The display unit 180 converts the video signal, the data signal, the OSD signal processed by the control unit 170 or the video signal and the data signal received through the external device input / output unit 130 into R, G, and B signals, respectively Thereby generating a driving signal. The display unit 180 may display a screen according to the generated driving signal. The display unit 180 may be a PDP, an LCD, an OLED, or a flexible display. Also, the image display apparatus 100 and the display unit 180 according to the embodiment of the present invention can perform a 3D display (3D display).

The 3D display can be divided into an additional display method and a single display method depending on the way in which the 3D image is recognized by the user.

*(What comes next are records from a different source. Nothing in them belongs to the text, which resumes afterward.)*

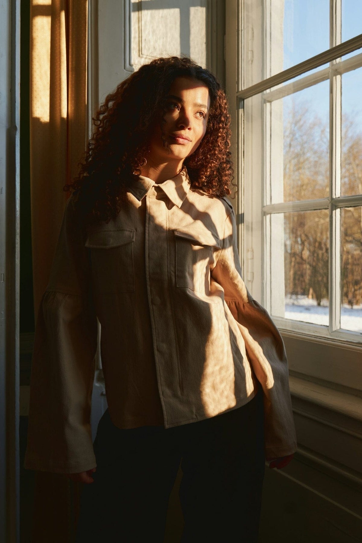 Sandfarvet jakke fra Neo Noir, fremstillet af 90 % bomuld, 8 % polyester og 2 % elastan. Jakken har en klassisk skjortekrave, to brystlommer med flapper og lange ærmer med pufdetalje ved skuldrene.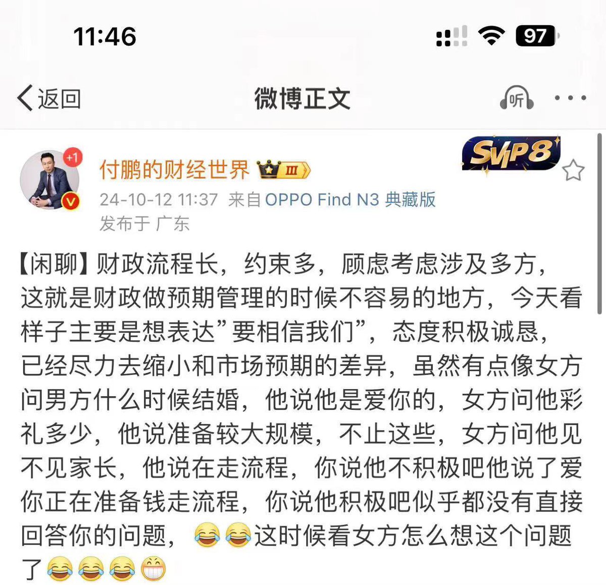 付鹏的这条微博被删,中国任何看空股市的言论都在被封杀,看来是要建信息茧房,让散户闭眼往里冲,用存款全力做多接盘。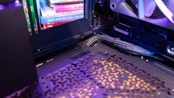 これらのバーは六角ボルトで固定されており、取り外すことは可能ですが、ゲーミングPCには不要な手間がかかります。一度内部にアクセスすれば、広々とした内部に感銘を受けるでしょう。14インチのグラフィックスカードを搭載しても十分なスペースが確保されており、優れた気流を実現しています。Originの入念なケーブル管理により、ほとんどの配線はマザーボードトレイの背面に隠され、グロメットを通して目的地へと整然と配線されています。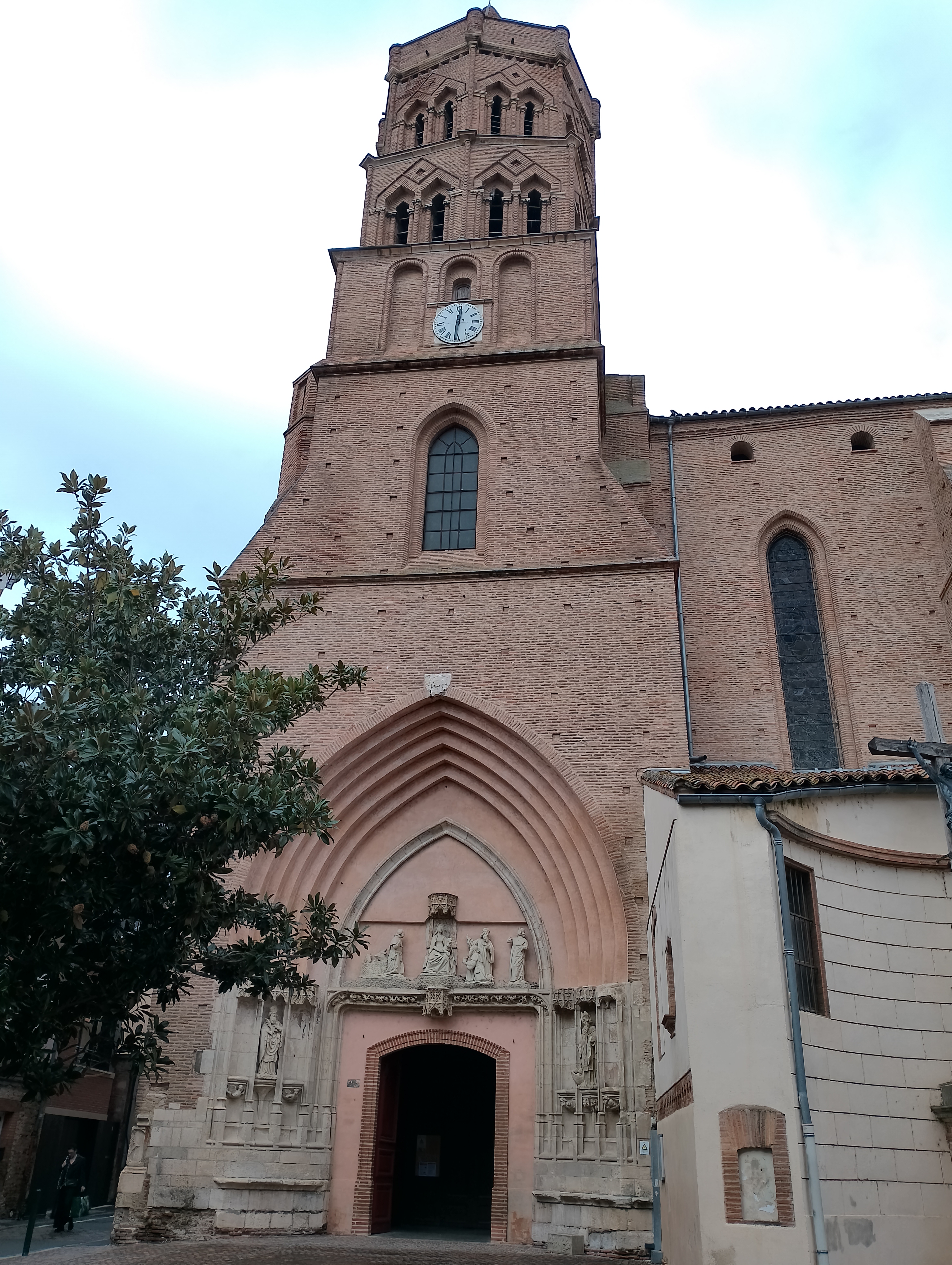 Une des plus belles entrées de style gothique méridional, avec un clocher rappelant le style toulousain de Saint-Sernin et des Jacobins.

In the single display method, a 3D image can be implemented independently on a display without a separate auxiliary device. A user who views a display using a single display method can view a 3D image without using an additional device (ex) polarized glasses). The single display method may be a lenticular method, a parallax barrier, or the like.

The additional display method is a method of implementing a 3D image using an auxiliary device. Additional display methods include a head-mounted display (HMD) system, a glasses system, and the like. Further, polarized glasses, shutter glasses, spectral filters, and the like can be applied to the glasses used in the glasses system.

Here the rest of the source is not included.